Uwagi BCC do projektu ustawy o transporcie drogowym
Proponowane przez Ministerstwo Infrastruktury i Budownictwa zmiany w zakresie możliwości wszczynania postępowań dotyczących dobrej reputacji mogą być niebezpiecznym narzędziem dla organów kontrolujących, pozwalającym im na nakładanie kar bądź odbieranie przewoźnikom stosownych uprawnień.
Niepokojące jest, iż nawet jedno naruszenie może stanowić podstawę do wszczęcia takiej procedury w zakresie spełniania wymogów dobrej reputacji.
To z kolei może otworzyć drogę do eliminowania uczciwych przedsiębiorców z obrotu gospodarczego przez konkurencję czy też nielojalnych kierowców. Business Centre Club proponuje, aby resort złagodził przepisy projektu ustawy o transporcie drogowym wzorując się na regulacjach unijnych, które wskazują na konieczność wszczynania postępowań administracyjnych dopiero w sytuacji stwierdzenia powtarzających się bądź poważnych naruszeń.

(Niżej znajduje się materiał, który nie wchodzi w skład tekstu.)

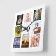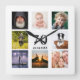 Eine Wanduhr als Geschenk für einen 70. Geburtstag für einen Typ, der sein Leben mit einer Collage von 8 eigenen Fotos feiert. Vorlagen für einen Namen, 70 Jahre und ein Datum. Geburtsdatum oder das Datum des Jahrestages. Schwarze Buchstaben. Weißer Hintergrund.
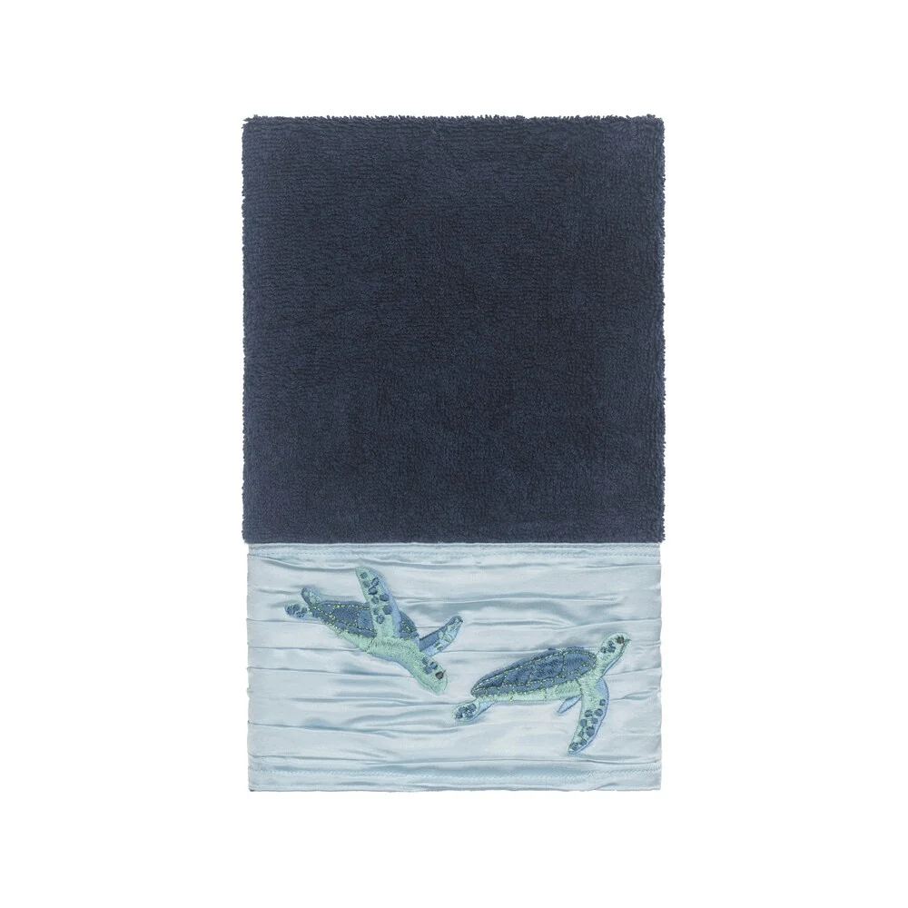Authentic Hotel and Spa Turkish Cotton Turtles Embroidered Midnight Blue 3-piece Towel Set

Nowelizacja ustawy o transporcie drogowym wynika z obowiązku ujednolicenia i dostosowania prawa krajowego do unijnego. Z jednej strony, regulacje dotyczące dobrej reputacji podmiotów wskazanych w ustawie, mogą spowodować wyeliminowanie z rynku nieuczciwej konkurencji oraz firm stosujących złe praktyki. Z drugiej, wprowadzenie zmian spowoduje również sporo kłopotów po stronie przedsiębiorców w zakresie organizacji pracy: opracowanie wewnętrznych procedur ścisłego przestrzegania przepisów, zwiększenie nadzoru nad kierowcami, czuwanie nad stanem technicznym pojazdów i organizacją procedury organizowania przewozów. Wiele z tych obowiązków spoczywać będzie na całej rzeszy pracowników różnego szczebla u danego pracodawcy, co może wywołać ogromny problem zaufania wewnątrzzakładowego i rozkładu obowiązków, czy też odpowiedzialności wewnętrznej w firmie.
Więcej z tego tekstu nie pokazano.